A new report by think tank the Nuffield Trust warns that Britain’s departure from the EU has worsened recruitment shortages while pushing up the price of some medicines and making some more difficult to obtain. The report also states that Brexit could worsen health inequality.

The findings of the study are a far cry from the promises of the Leave campaign, which promoted the idea that leaving the EU would secure more funds for the health service.

Mark Dayan, Brexit programme lead at the Nuffield Trust, said it was “undeniable that the NHS has faced three of the most difficult years in its history” thanks to the pandemic and inflation. But he also said “the effects of Brexit appear to have added to the severe challenges and problems the NHS currently faces”.

“The economic hit of Brexit, combined with the worst cost of living crisis for a generation, is reducing living standards, creating additional need for health and care. Meanwhile a slowdown in EU and EFTA [referring to countries within the European Free Trade Association] recruitment is making shortages of urgently needed careworkers, dentists, and specialist doctors even worse,” he said.

“The UK has also apparently taken the worst of a period of medicines shortages which has swept across Europe. The fall in the value of sterling around the EU referendum, and the trade barriers erected since, are probably major factors in our unusually consistent and long-standing problems supplying vital products.”

The researchers say the NHS has struggled to recruit dentists, social care workers, and specialist doctors such as anaesthetists and heart and lung specialists since the EU referendum.

In the most extreme cases, recruitment has all but ground to a halt, with the researchers finding that despite the number of cardio-thoracic surgeons working in the UK having doubled in the five years leading up to the EU referendum, the rate of increase has now fallen to just 5 per cent.

The UK is also increasingly recruiting doctors from developing countries on the World Health Organisation’s Workforce Support and Safeguard List, such as Nigeria, Ghana and Pakistan, where clinicians are already in short supply.
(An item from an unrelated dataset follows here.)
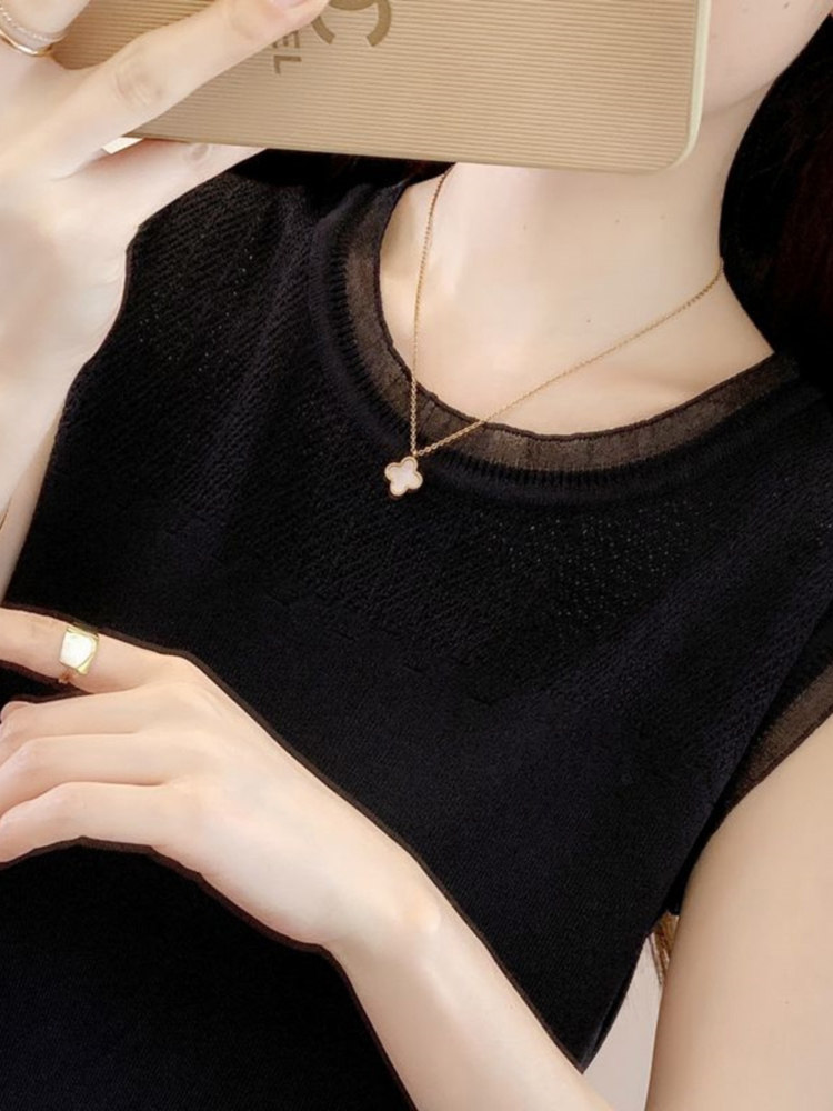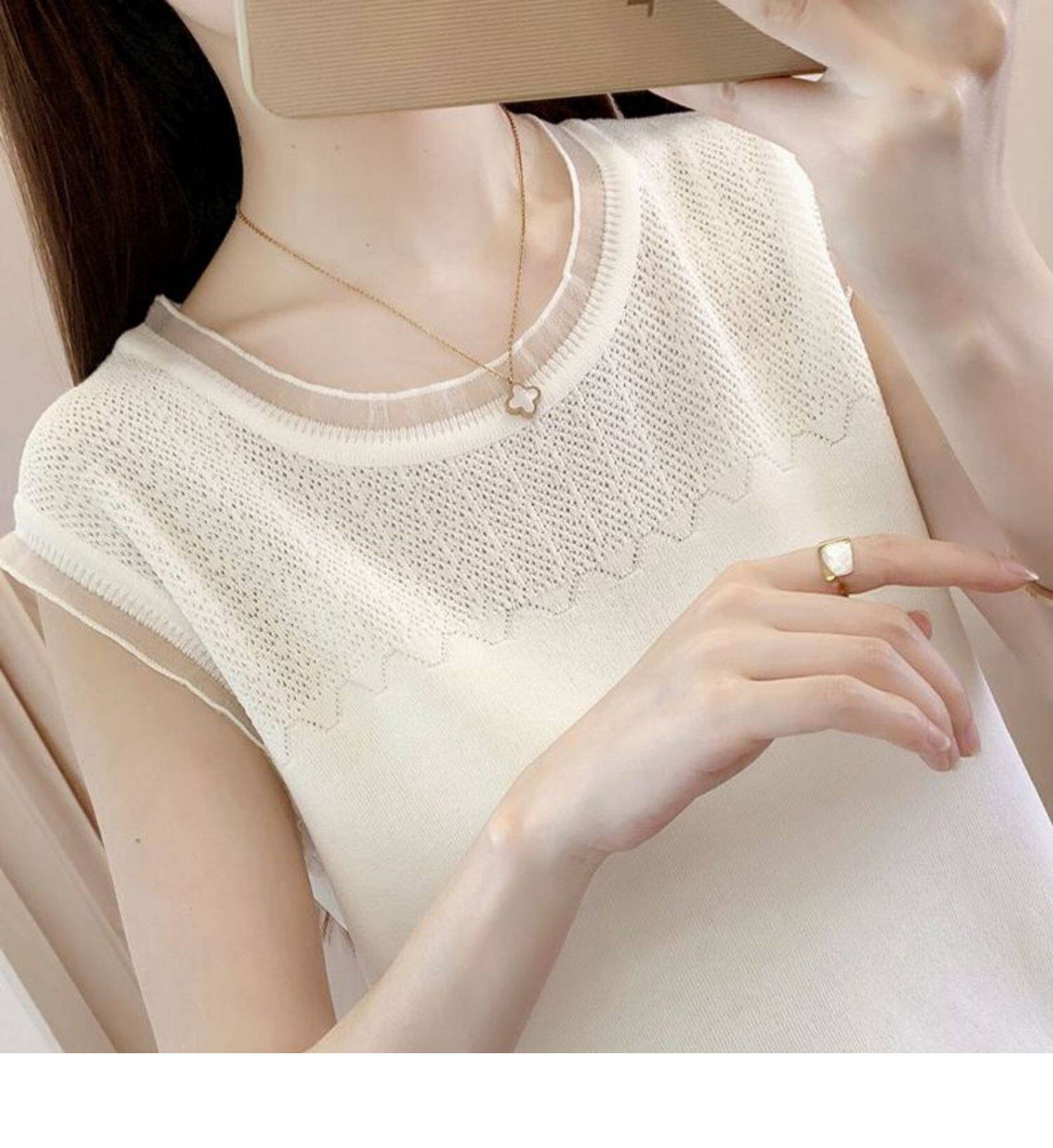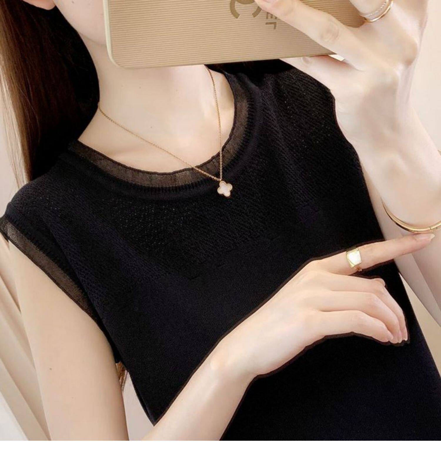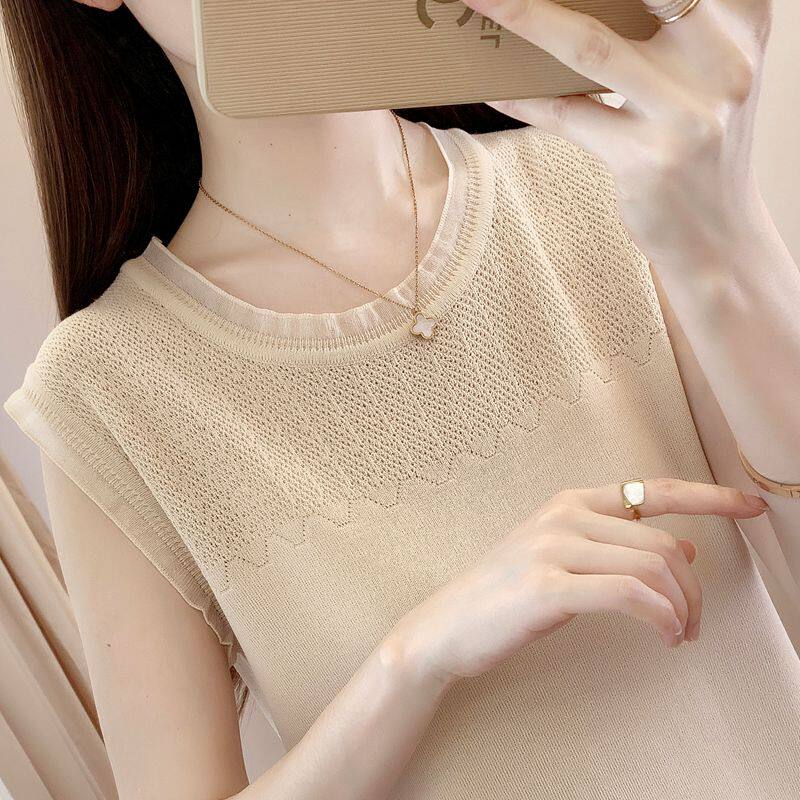 반하이넥 작은 날다 소매 반팔 맨위 여성 이른 봄 잘 생긴 고유 한 아름다운 얇은 스타일 하프 ~을 통해 얼음 실크 니트 기본 셔츠

Further, leaving the EU single market has had an effect on the supply and the price of medicines, the report says, with “a greater level of shortages across the board” as well as five Serious Shortage Protocols having been in effect almost continuously since the UK left the single market.

The government’s new trade barriers and a weak pound have also meant that the health service has “had to accept more increases in price on medicines, such as Prozac, as pharmacists have been unable to find them at the usual price”, the report explains.

The number of such “price concessions” has risen from below 20 to over 100, the researchers say, noting that “while similar increases have been seen in other countries, including France and Germany, instances have been unusually sustained in the UK and precede the pandemic”.

The researchers also warn that the economic hit from Brexit, which it is estimated will amount to around 4 per cent of GDP in the long run, is likely to drive poorer health outcomes going into the future, putting the health service under more pressure.

“There is a strong correlation between living standards and health, which will be impacted by falling living standards driven by rising inflation and the fall in the value of sterling,” the report says.

“Brexit risks particular economic consequences for areas of the country where industries are more affected by trade barriers, and may worsen embedded health inequalities following austerity.”

Tamara Hervey, a Jean Monnet professor of EU law at City University of London, said: “We urgently need an honest national conversation about the post-Brexit context for medicines, equipment and devices supply and NHS staffing.

“The health sector, generally speaking, would like a closer relationship with the EU’s standards. There are potential benefits from a looser relationship with the EU, but capitalising on them would involve courageous political decisions. Instead, we have drift and fantasies.”